After Xavier died, I wrote poems on a near daily basis. I had to express myself creatively to make any sense of life. I felt pent up with emotion and in need of release. I wanted to lash out and scream and make people understand my pain. Poetry allowed an outlet for that frustration. A figurative punching bag with the English language delivering hooks and jabs. Up until that point, my experience with poetry had been the clumsy, angsty words of a teenage girl. All darkness, conjured up emotion and the firm belief that no one could understand the complexity of being me. I am sure the words I scrawled, words that seemed so unique and intensely important at the time, have been echoed in girls’ diaries since the beginning of time. They were laboured words, teased out and poured over. Xavier’s poems have almost felt like gifts. As though the poems already existed and I just stumbled upon them. An unseen muse whispering the verses in my ear. I have held those poems close, feeling them too private to share with a broader audience. When I wrote them, the emotions were so raw and they bled onto the page. I read them now and I am startled by their clarity. When my mind raced with so many mixed-up feelings, when everything felt fuzzy around the edges, these poems have delivered my feelings back to me sharp and in razor focus. When I read them now I understand my initial reluctance in sharing them. I can recognise the protective instinct.
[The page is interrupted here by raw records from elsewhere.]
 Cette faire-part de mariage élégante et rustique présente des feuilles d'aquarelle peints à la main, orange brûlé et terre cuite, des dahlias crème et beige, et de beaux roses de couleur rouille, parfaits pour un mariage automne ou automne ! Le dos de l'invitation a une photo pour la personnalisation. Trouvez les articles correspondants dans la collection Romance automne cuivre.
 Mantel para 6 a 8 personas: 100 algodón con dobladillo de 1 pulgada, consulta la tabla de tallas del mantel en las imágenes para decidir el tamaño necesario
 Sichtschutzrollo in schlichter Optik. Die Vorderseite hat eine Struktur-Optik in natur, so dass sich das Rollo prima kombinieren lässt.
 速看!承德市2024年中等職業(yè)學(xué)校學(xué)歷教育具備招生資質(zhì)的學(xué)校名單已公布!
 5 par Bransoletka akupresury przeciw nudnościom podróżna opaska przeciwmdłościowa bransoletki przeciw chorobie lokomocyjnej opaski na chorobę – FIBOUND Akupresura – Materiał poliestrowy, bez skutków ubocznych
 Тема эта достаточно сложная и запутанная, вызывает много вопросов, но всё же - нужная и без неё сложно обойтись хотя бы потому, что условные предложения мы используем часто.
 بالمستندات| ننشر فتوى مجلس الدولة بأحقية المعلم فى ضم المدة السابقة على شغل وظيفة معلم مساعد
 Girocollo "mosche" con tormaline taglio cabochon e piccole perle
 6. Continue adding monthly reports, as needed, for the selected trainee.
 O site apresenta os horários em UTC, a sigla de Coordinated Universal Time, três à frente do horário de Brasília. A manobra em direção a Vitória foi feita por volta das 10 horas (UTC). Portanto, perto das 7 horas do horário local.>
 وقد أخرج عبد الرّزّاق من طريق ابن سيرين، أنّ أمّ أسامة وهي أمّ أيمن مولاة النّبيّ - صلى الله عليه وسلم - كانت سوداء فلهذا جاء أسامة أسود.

Today, I met with a beautiful group of mothers. We share our children gone too soon in common. I decided to share with them a poem I wrote on strength. It made me realise that these poems have power and the potential to give voice to unspoken emotion. They can give form and validation to the mess of grief feelings. And I think, despite the fact that doing so makes me vulnerable, sharing them feels right.
So I am sharing the poem I shared with those beautiful mothers today. I will be sharing the poems I have written over the next few months and collating them into a page on this site.
Strong
“You’re so strong” they say, “I couldn’t get of bed” they say
They tell you “I don’t know how you are living day to day”
They think that I am coping – this smile that masks my grief.
They think that I am coping – and it’s met with great relief.
But you can’t see inside me and you can’t read my mind.
And you can’t fill a hole that a baby leaves behind.
I have moments when everything feels like it will be okay,
But I need you to know that I don’t always feel that way.
It’s only been four weeks and years stretch long ahead,
And sometimes when I’m smiling, inside I’m feeling dead.
You ask me if I am “better”, as though recovering from some disease,
But I have lost a son and gained a pain that will not ease.
How would you feel if your child had been taken away?
In a matter of short weeks, would you really feel okay?
His life was cut short, but my love still lingers on.
And for the rest of my life he remains my son.
The time you have with your children you never will regret,
And though our time was short, I never will forget.
He is no less real, no less a person than your living child.
And the tiny time we had him does not render the loss mild.
I might say I see him in the sunshine, hear him when a bird sings,
But I wish I didn’t have to grab on to these remote and abstract things.
To you it seems like beauty, like I’m finding ways to live,
But I’m only holding on to the little life can give.
Half the time I don’t know what I actually feel.
Most of the time the fact he’s gone seems horribly surreal.
And I scream, I cry, I rage but I do it all in silence.
And my exterior seems serene while
my interior’s in violence.
But these thoughts are too dark, too strange for me to say aloud.
And so I stay silent, and you say “You’re strong – I’m proud”
I know you’re trying to help, that you don’t know what to say.
But please don’t believe me when I reply that “I’m okay”.